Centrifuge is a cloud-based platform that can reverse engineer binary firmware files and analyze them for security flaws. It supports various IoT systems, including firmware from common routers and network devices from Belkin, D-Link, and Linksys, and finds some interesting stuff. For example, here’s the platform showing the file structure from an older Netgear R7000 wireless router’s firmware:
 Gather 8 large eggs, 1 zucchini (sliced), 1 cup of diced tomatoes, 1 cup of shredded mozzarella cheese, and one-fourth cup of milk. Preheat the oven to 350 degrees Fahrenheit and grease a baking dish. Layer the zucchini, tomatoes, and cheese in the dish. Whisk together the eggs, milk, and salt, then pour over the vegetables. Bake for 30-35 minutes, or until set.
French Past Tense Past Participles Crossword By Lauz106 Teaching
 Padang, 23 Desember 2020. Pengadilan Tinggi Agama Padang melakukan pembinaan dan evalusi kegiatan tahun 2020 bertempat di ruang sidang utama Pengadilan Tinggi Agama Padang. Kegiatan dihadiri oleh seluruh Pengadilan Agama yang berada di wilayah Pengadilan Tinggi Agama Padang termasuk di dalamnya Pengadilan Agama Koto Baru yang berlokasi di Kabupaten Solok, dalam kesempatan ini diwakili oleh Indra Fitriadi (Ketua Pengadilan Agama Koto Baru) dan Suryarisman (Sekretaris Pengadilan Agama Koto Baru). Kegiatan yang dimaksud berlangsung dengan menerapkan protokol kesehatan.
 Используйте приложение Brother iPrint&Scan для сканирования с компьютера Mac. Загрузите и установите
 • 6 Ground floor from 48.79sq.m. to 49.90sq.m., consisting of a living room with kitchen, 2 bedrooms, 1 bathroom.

==

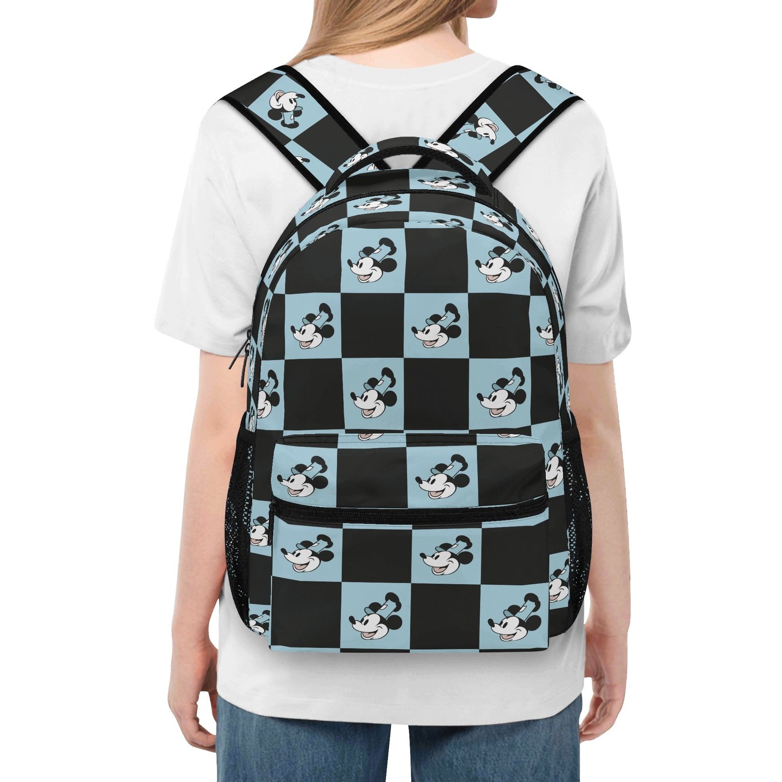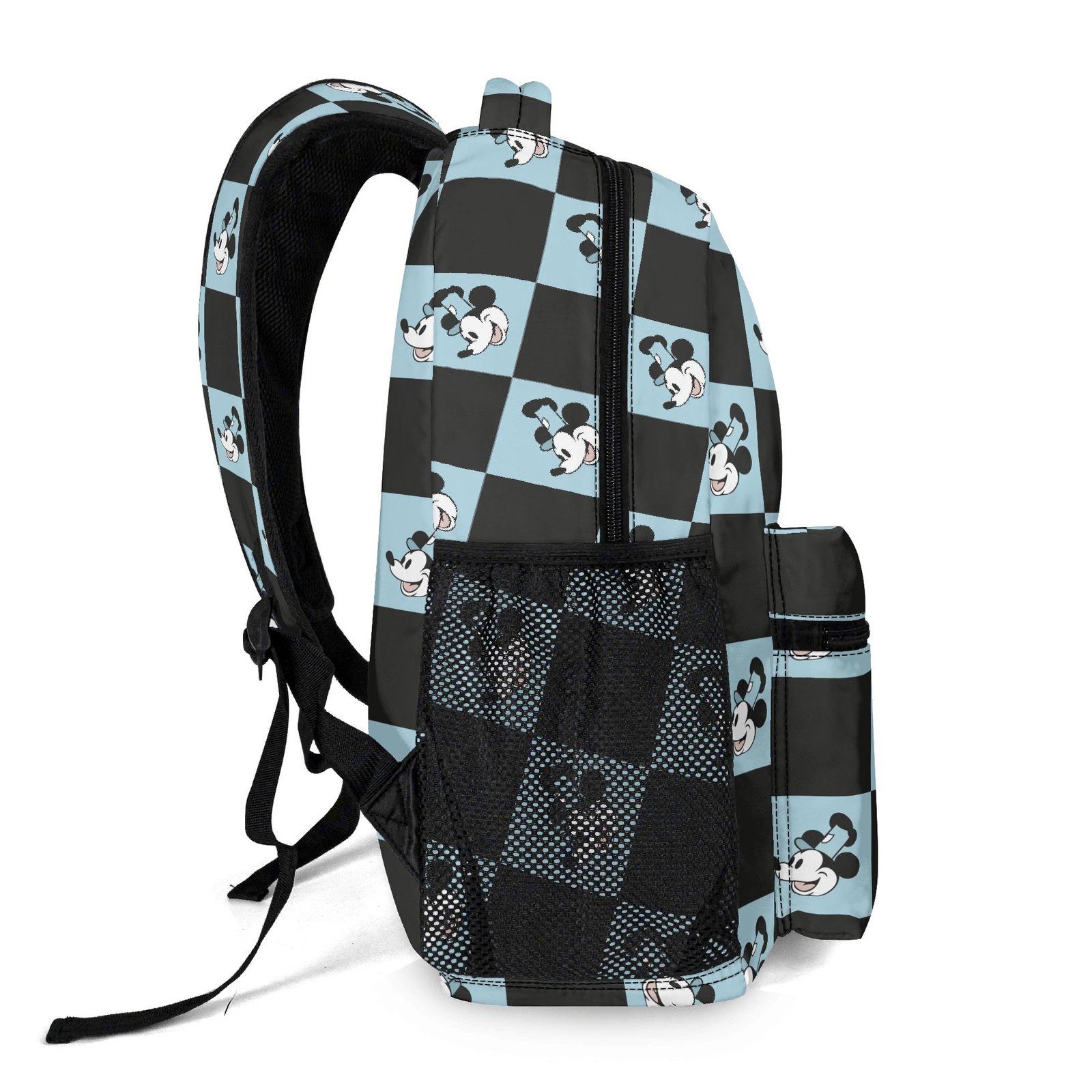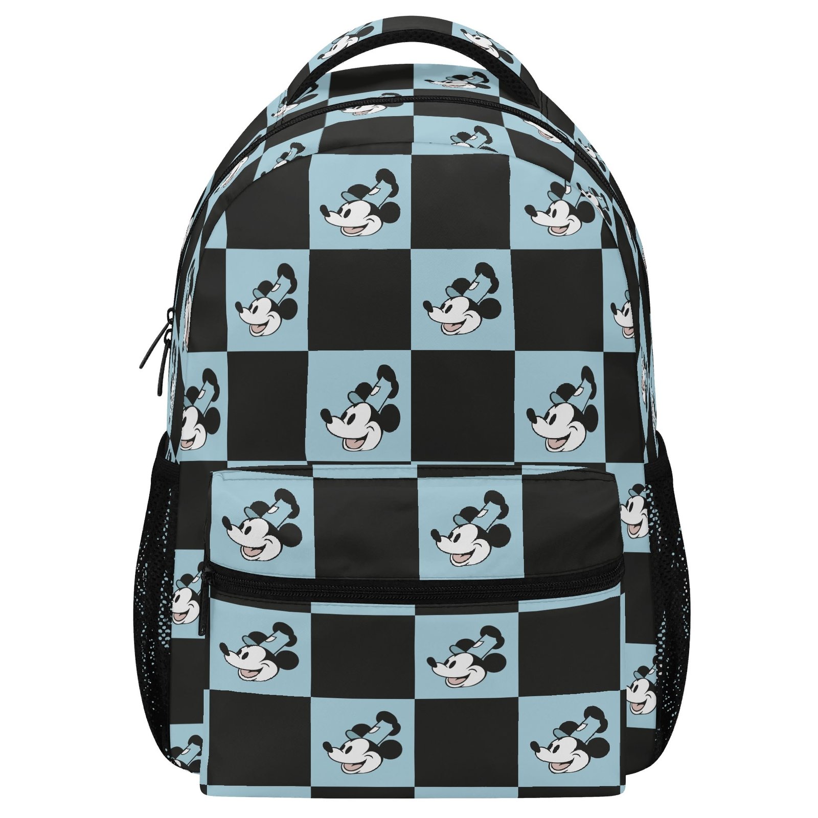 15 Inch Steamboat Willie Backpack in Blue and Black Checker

---

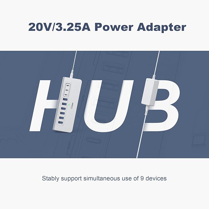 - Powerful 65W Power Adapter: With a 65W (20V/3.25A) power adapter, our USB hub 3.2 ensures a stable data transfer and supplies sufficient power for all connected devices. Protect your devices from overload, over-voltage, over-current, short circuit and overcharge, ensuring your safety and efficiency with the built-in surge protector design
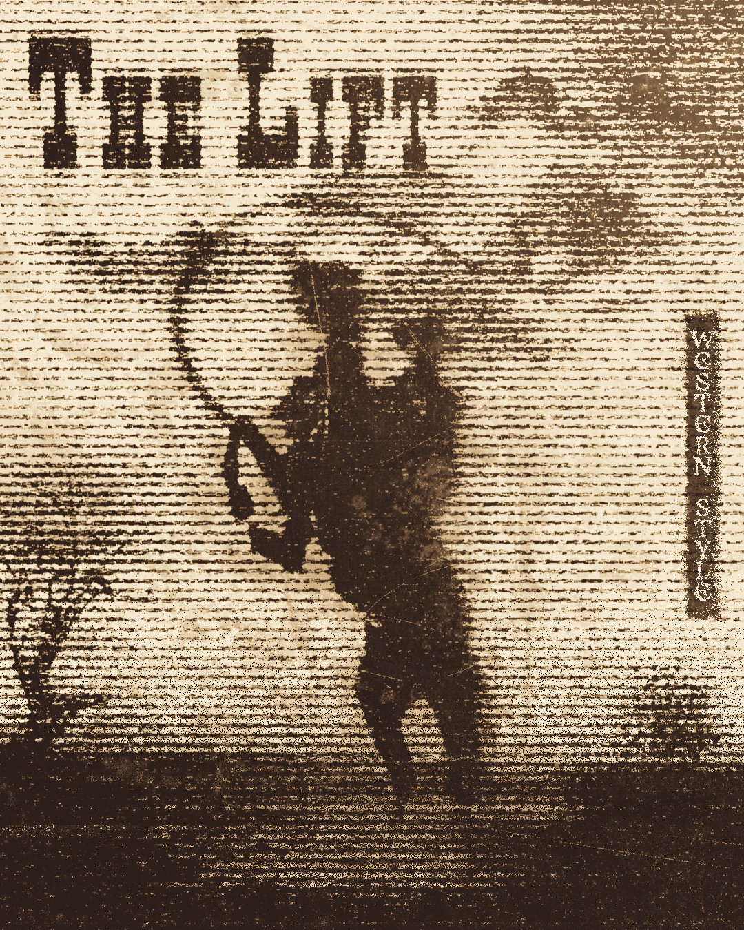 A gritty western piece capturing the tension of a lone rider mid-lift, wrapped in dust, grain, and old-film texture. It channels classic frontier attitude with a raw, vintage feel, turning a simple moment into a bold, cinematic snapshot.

- **PROBLEM REQUIREMENTS**
Within the data above, the span starting at the line containing "Centrifuge is a" and ending at the line containing "bedrooms, 1 bathroom." is to be retyped exactly, with no other lines.

- **TASK OUTPUT**
Centrifuge is a cloud-based platform that can reverse engineer binary firmware files and analyze them for security flaws. It supports various IoT systems, including firmware from common routers and network devices from Belkin, D-Link, and Linksys, and finds some interesting stuff. For example, here’s the platform showing the file structure from an older Netgear R7000 wireless router’s firmware:
 Gather 8 large eggs, 1 zucchini (sliced), 1 cup of diced tomatoes, 1 cup of shredded mozzarella cheese, and one-fourth cup of milk. Preheat the oven to 350 degrees Fahrenheit and grease a baking dish. Layer the zucchini, tomatoes, and cheese in the dish. Whisk together the eggs, milk, and salt, then pour over the vegetables. Bake for 30-35 minutes, or until set.
French Past Tense Past Participles Crossword By Lauz106 Teaching
 Padang, 23 Desember 2020. Pengadilan Tinggi Agama Padang melakukan pembinaan dan evalusi kegiatan tahun 2020 bertempat di ruang sidang utama Pengadilan Tinggi Agama Padang. Kegiatan dihadiri oleh seluruh Pengadilan Agama yang berada di wilayah Pengadilan Tinggi Agama Padang termasuk di dalamnya Pengadilan Agama Koto Baru yang berlokasi di Kabupaten Solok, dalam kesempatan ini diwakili oleh Indra Fitriadi (Ketua Pengadilan Agama Koto Baru) dan Suryarisman (Sekretaris Pengadilan Agama Koto Baru). Kegiatan yang dimaksud berlangsung dengan menerapkan protokol kesehatan.
 Используйте приложение Brother iPrint&Scan для сканирования с компьютера Mac. Загрузите и установите
 • 6 Ground floor from 48.79sq.m. to 49.90sq.m., consisting of a living room with kitchen, 2 bedrooms, 1 bathroom.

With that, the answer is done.